Она не выразила никаких эмоций, но Бай обрадовался, что она вообще заговорила.

– Прочел одну книгу, и она глубоко тронула меня. Вы читаете по-английски?

Она кивнула.

Бай вынул из сумки книгу в голубой обложке. Оглянувшись, не следит ли за ними кто-нибудь, он протянул томик Е.

– Она была опубликована в 1962 году и стала заметным явлением на Западе.

Вэньцзе повернулась на пне и взяла книгу. На обложке было написано: Рэйчел Карсон. «Безмолвная весна».

– Где вы ее взяли? – спросила Е.

– Она привлекла внимание высокого начальства. Было решено распространить ее среди избранных товарищей – только для внутреннего пользования. Мне поручили перевести часть, касающуюся лесов.

Вэньцзе открыла книгу и погрузилась в чтение. В короткой вводной главе автор описывала тихий городок, безмолвно умирающий из-за пестицидов. В простых, безыскусных выражениях автор высказывала свою глубокую озабоченность судьбой городка.

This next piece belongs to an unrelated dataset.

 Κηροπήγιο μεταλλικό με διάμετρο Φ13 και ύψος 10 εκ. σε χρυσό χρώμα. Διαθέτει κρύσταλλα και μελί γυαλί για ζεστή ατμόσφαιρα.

– Я хочу написать руководству в Пекин. Пусть узнают, какие бесчинства творит Строительный корпус, – сказал Бай.

Е подняла голову от книги и некоторое время раздумывала над словами собеседника. Затем, ничего не ответив, снова вернулась к чтению.

– Могу одолжить ее вам. Но будьте осторожны, чтобы никто не увидел. Вы же знаете, что они думают о подобных книгах…

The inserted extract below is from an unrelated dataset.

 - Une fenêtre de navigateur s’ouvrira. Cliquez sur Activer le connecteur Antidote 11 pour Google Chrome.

Бай поднялся, еще раз оглянулся вокруг и ушел.

* * *

Сорок лет спустя, в свои последние годы, Е Вэньцзе вспоминала, какое огромное влияние оказала «Безмолвная весна» на ее жизнь.

Книга ограничивалась одной-единственной темой – губительным влиянием чрезмерного использования пестицидов на окружающую среду, однако нарисованная автором картина потрясла Е до глубины души. До сих пор она думала, что пестициды не вредят природе, но книга Карсон показала ей, что пестициды для природы – то же самое, что «культурная революция» для страны: и то, и другое чревато чудовищными разрушениями. Значит, и другая человеческая деятельность, на первый взгляд нейтральная или даже полезная, может оказаться для природы злом?

И тогда в голову Е пришла мысль:

«Что, если отношения между человечеством и злом подобны отношениям между океаном и айсбергом, плавающим на его поверхности? И то, и другое состоит из одного и того же вещества. И если айсберг кажется чем-то совершенно отличным от океана, то это лишь потому, что у него другая форма. В действительности же айсберг есть не что иное, как часть все того же необозримого океана…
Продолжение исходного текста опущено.